Immunology — the study of how human health is affected by microbes — is an example of this type of specialization. Some microbiologists may focus on studying one specific type of microbe. For example, bacteriologists study bacteria, and virologists study viruses. Or they may study practical applications of microbiology, such as biotechnology, medical microbiology or industrial microbiology. A degree in microbiology does not always mean that you have to work in a laboratory. Some microbiologists teach at universities and other schools. Those with an interest in journalism can obtain a job as a science writer.

Microbiologists can also combine their education and experience with other degrees, such as law or business. They may find mostly office-based positions in legal, legislative or corporate environments. Microbiology Job Activities In spite of the broad range of specialities available in microbiology, many positions have similar job activities. Microbiologists, in general, examine microbes using a variety of tools, such as microscopes. They may use other equipment, including gas chromatographs, electrophoresis gels, fluorescent cell sorters and various incubators.

Some laboratories may use toxic chemicals or dyes when working with microbes. Microbiologists collect samples from the environment, including people, plants, animals and field locations. They also grow the microbes from the samples, and use standard laboratory techniques to isolate specific microbes. Microbiologists may also observe the effect of microbes on their environment or other organisms. This is especially true of medical microbiology, which examines the role of microbes in human health. Microbiology Employers and Microbiology Work Environment.

Microbiologists work for a variety of employers, including the federal government, state and county health departments, and academic institutions. They may also be employed by pharmaceutical companies, biotechnology firms, food and beverage industries, and manufacturing companies. Many microbiologists conduct research in laboratories, as well as work in offices, where they write up the results of their experiments. Academic microbiologists often teach classes, in addition to conducting their own research. Microbiologists, especially those who carry out research, collaborate with other scientists.
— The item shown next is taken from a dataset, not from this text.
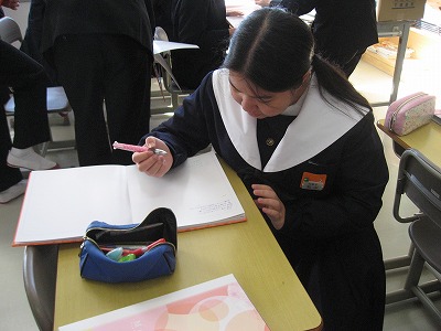卒業アルバムを見た後、後ろのサインのページに、学級や学年でお互いにメッセージを書き合いました。

They sometimes supervise more inexperienced scientists and students working in their laboratory. Environmental and medical microbiologists, as well as other kinds, may collect samples in the field. Because microbes are found throughout the world, this fieldwork can be carried out in challenging and remote locations. Microbiologists working in the field have to be able to survive with difficult living conditions. Microbiology Education The education required to work as a microbiologist depends upon the position.
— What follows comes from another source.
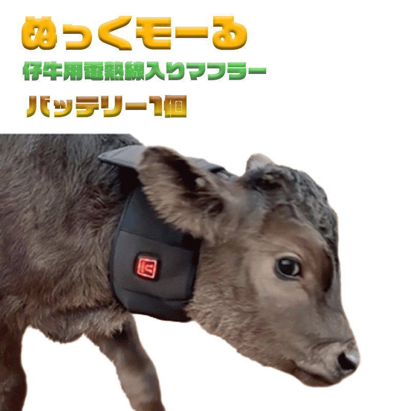 大切な仔牛の健康と命を守る服。体温維持をサポートする電熱線入りマフラー「ぬっくモーる」。手洗い洗濯可能、温度調節、サイズ調節、濡れても安心、自由に動けるバッテリー式。仔牛の防寒具 USIMO ぬっくモーる 仔牛用電熱線入りマフラー U-W01 体温維持 保温効果 充電式 バッテリーセットあり 牛の寒さ予防 牛の防寒 うしも ウシモ オオツキ

Degrees range from a high school education to a doctorate degree. Most microbiologists have at least a bachelor’s degree in microbiology, or a related science. Some microbiology laboratory technician positions, especially in medical laboratories, are open to individuals with a high school diploma or an associate’s degree. A higher degree, of course, will allow you to work in more challenging positions, with higher salaries. Microbiologists who conduct independent research need to have at least a master’s degree, and often a doctorate degree for academic positions.
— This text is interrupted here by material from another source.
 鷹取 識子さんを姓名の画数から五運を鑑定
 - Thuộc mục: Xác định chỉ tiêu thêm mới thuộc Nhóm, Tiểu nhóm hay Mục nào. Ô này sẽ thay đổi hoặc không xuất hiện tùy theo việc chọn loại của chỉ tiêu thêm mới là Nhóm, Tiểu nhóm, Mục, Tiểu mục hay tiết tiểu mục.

As part of the degree, these programs offer students the opportunity to take part in research, either as part of an existing project, or their own unique study. The coursework provides a broad overview of science and microbiology topics. Students may specialize in one or more areas, both in their courses and in their laboratory research experiences. Microbiology Salary and Job Outlook The job outlook and salary for microbiologists varies with the degree and industry. The average salary for microbiologists was $64,350 in 2008, according to the Bureau of Labor Statistics.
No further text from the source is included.